About this exercise | The entries are to be reproduced verbatim, and their pictures left out.

Records provided |
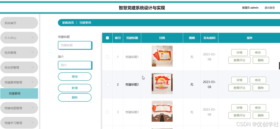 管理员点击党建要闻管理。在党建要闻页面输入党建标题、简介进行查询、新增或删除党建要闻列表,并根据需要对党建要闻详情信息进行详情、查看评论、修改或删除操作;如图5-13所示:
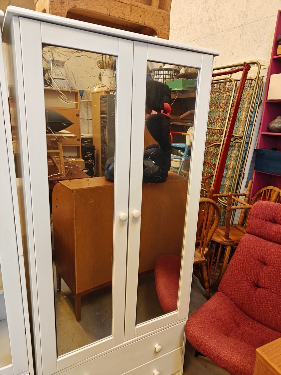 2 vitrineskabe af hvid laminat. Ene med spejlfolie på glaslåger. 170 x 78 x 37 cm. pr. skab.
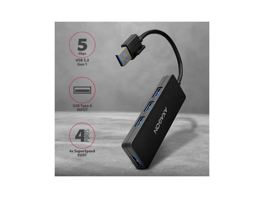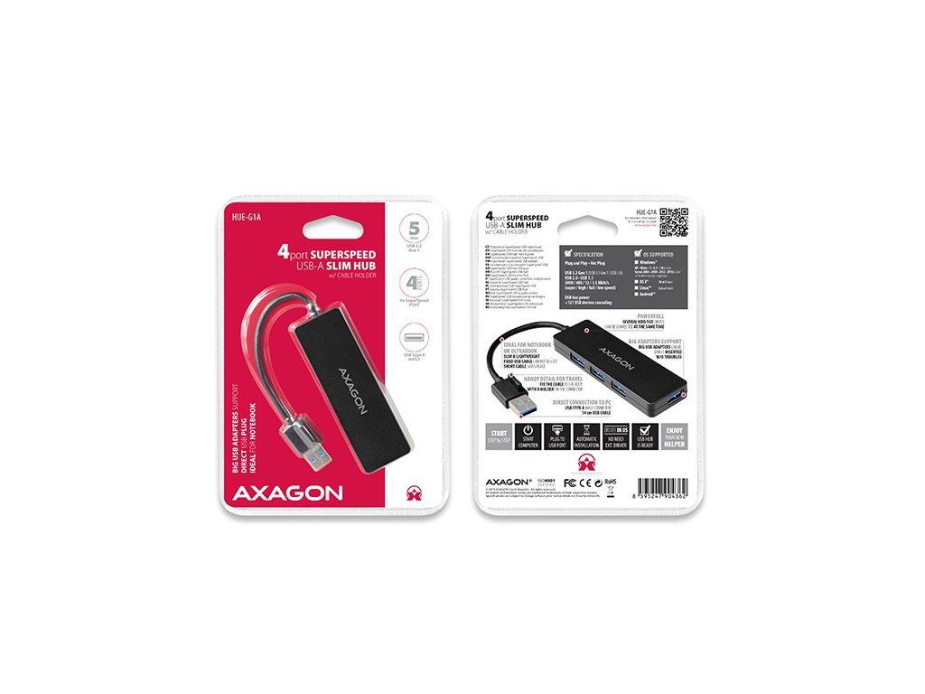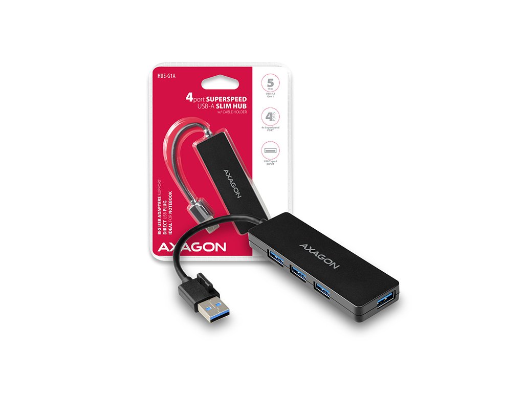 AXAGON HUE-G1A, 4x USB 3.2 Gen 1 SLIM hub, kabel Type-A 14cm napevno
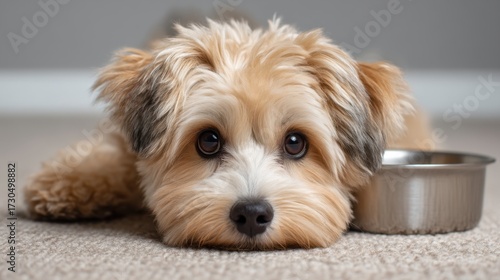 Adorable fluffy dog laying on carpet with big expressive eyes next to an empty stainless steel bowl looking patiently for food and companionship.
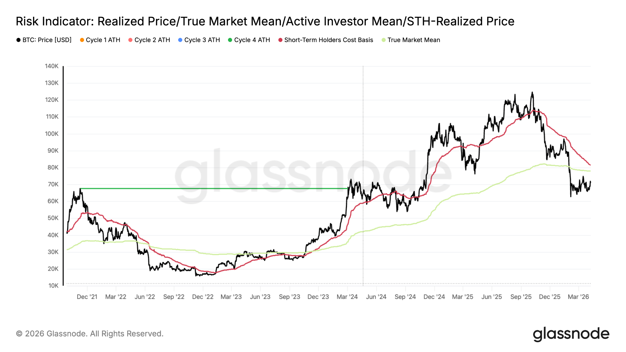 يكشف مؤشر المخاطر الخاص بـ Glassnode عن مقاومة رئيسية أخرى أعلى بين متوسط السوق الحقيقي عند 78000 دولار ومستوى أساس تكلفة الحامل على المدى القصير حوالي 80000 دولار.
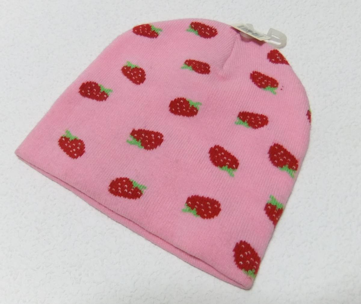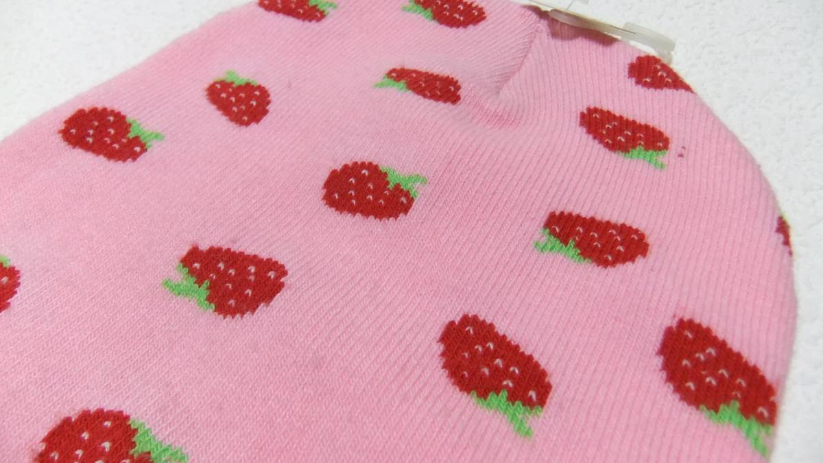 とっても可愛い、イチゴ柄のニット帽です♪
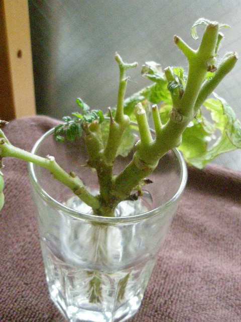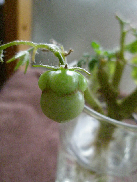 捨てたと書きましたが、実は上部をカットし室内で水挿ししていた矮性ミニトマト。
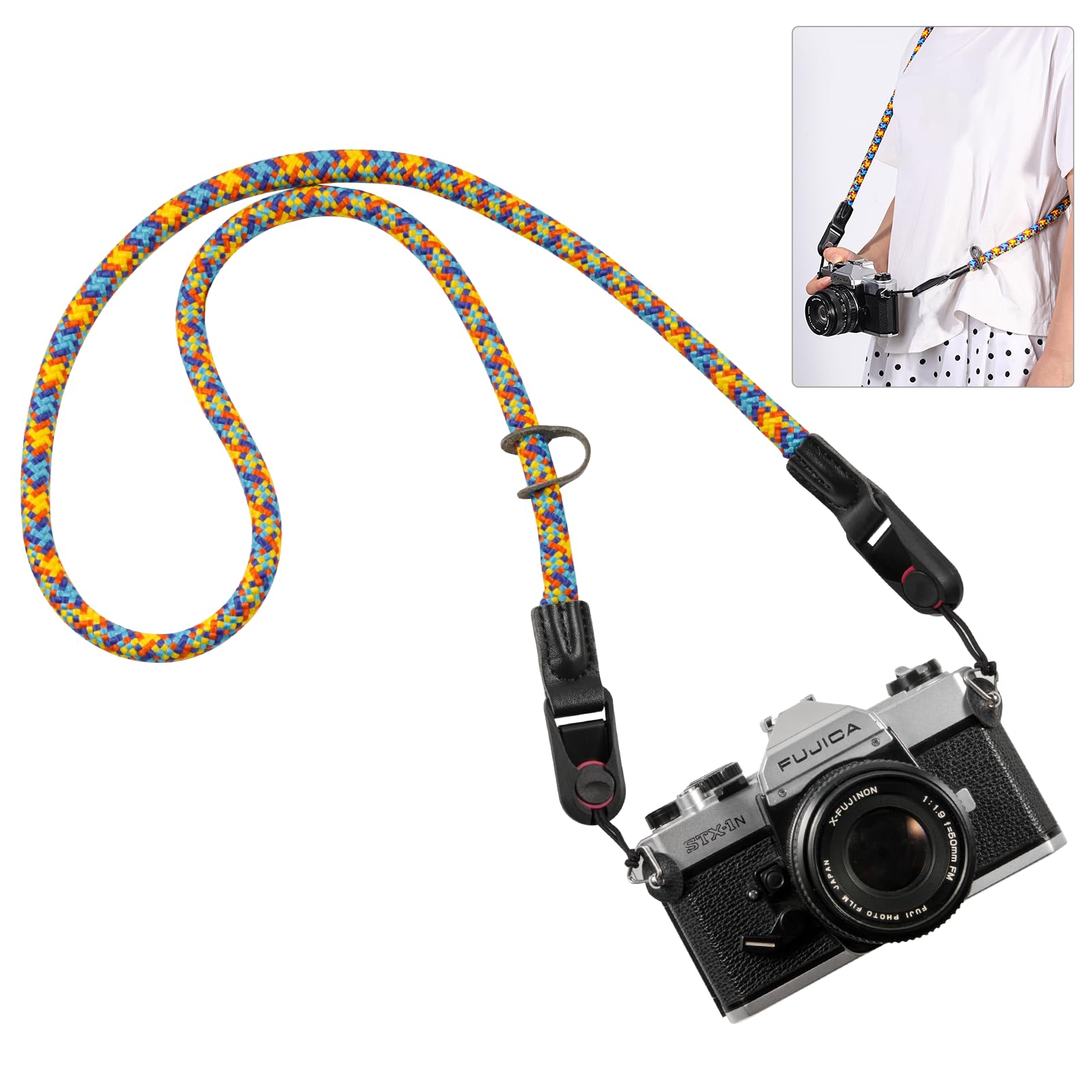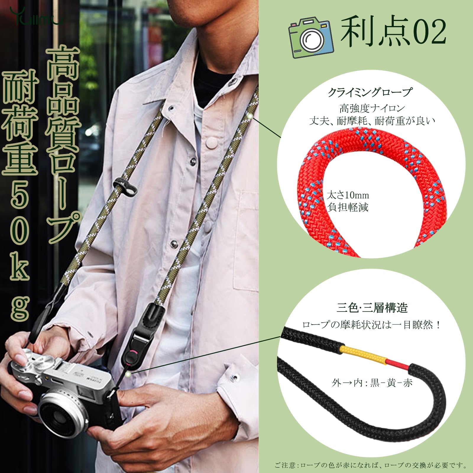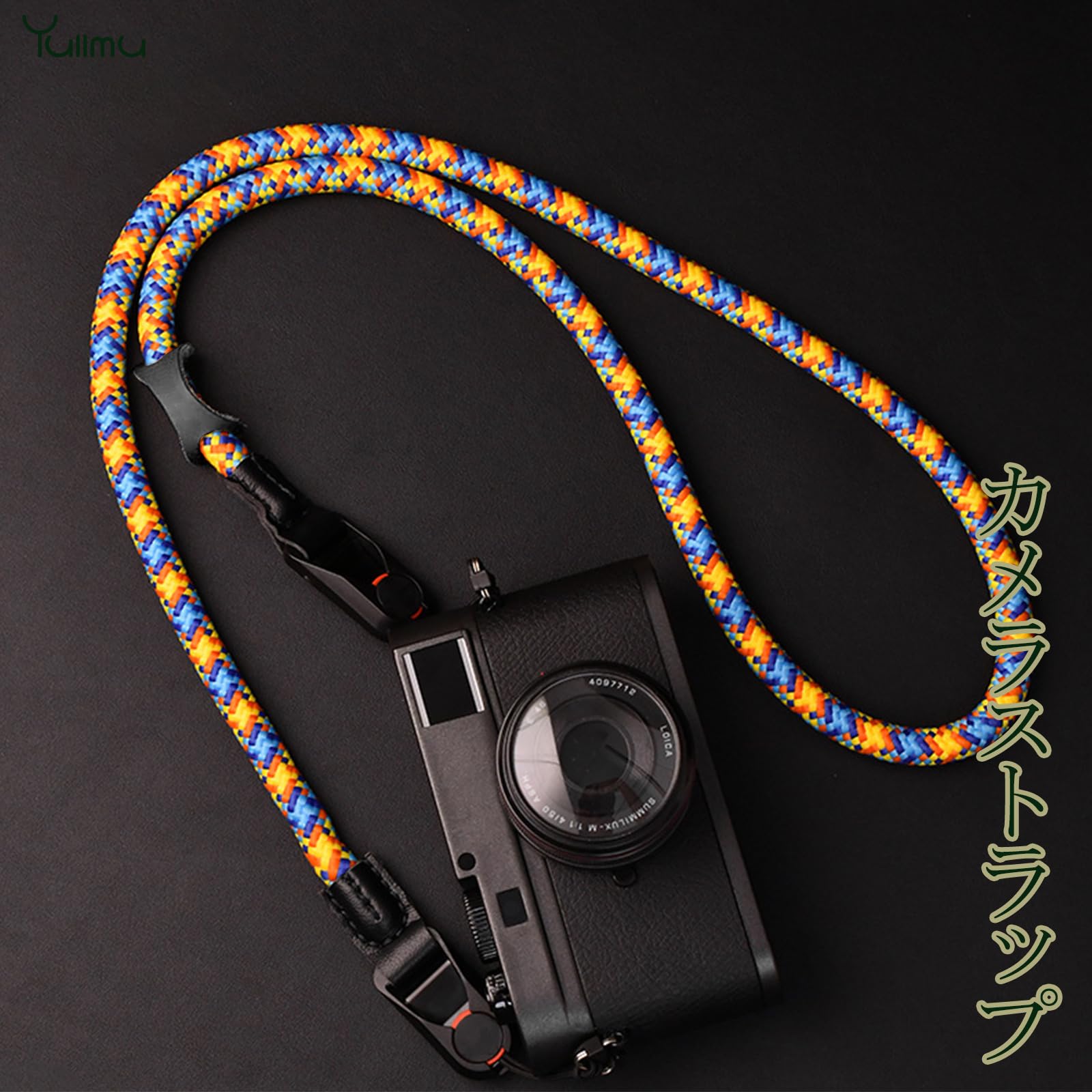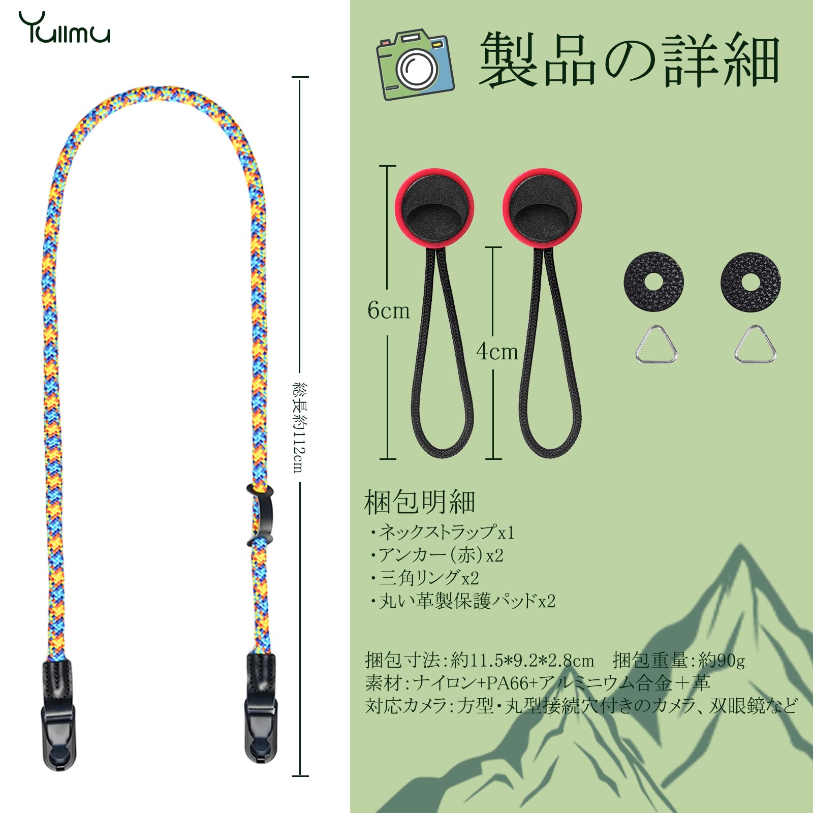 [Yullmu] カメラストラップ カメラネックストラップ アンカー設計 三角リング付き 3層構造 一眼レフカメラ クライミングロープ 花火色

Written response |
 管理员点击党建要闻管理。在党建要闻页面输入党建标题、简介进行查询、新增或删除党建要闻列表,并根据需要对党建要闻详情信息进行详情、查看评论、修改或删除操作;如图5-13所示:
 2 vitrineskabe af hvid laminat. Ene med spejlfolie på glaslåger. 170 x 78 x 37 cm. pr. skab.
 AXAGON HUE-G1A, 4x USB 3.2 Gen 1 SLIM hub, kabel Type-A 14cm napevno
 Adorable fluffy dog laying on carpet with big expressive eyes next to an empty stainless steel bowl looking patiently for food and companionship.
 يكشف مؤشر المخاطر الخاص بـ Glassnode عن مقاومة رئيسية أخرى أعلى بين متوسط السوق الحقيقي عند 78000 دولار ومستوى أساس تكلفة الحامل على المدى القصير حوالي 80000 دولار.
 とっても可愛い、イチゴ柄のニット帽です♪
 捨てたと書きましたが、実は上部をカットし室内で水挿ししていた矮性ミニトマト。
 [Yullmu] カメラストラップ カメラネックストラップ アンカー設計 三角リング付き 3層構造 一眼レフカメラ クライミングロープ 花火色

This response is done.